:: Exercise directions ::
All lines at and after the one containing "Set on a deep", up to the end of the listing below, are to be printed exactly, with the pictures omitted.

:: Dataset content ::

== == ==

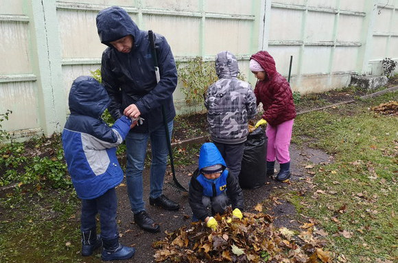 Начали встречу с хозяйственных занятий: одна группа волонтеров мыла окна в учреждении, а другая вместе с ребятней убирала двор.
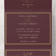 Set on a deep burgundy background with subtle gold accents and elegant serif typography, this all-in-one invitation blends traditional sophistication with modern convenience.
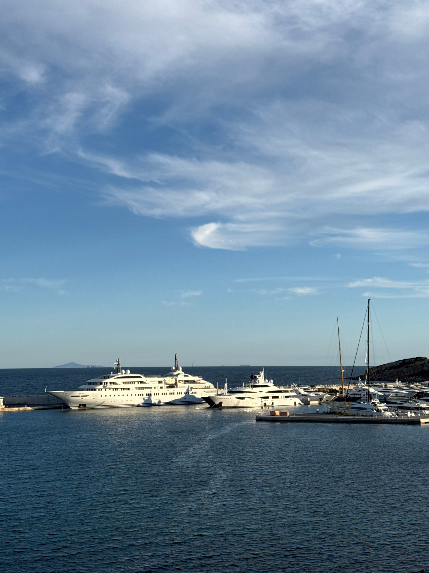 The image shows a harbor scene in Vouliagmeni, Greece. The sky is blue with wispy white clouds. Several yachts and boats are docked along a concrete pier. The water is a dark blue. In the background,…read more

== == ==

:: Task response ::
 Set on a deep burgundy background with subtle gold accents and elegant serif typography, this all-in-one invitation blends traditional sophistication with modern convenience.
 The image shows a harbor scene in Vouliagmeni, Greece. The sky is blue with wispy white clouds. Several yachts and boats are docked along a concrete pier. The water is a dark blue. In the background,…read more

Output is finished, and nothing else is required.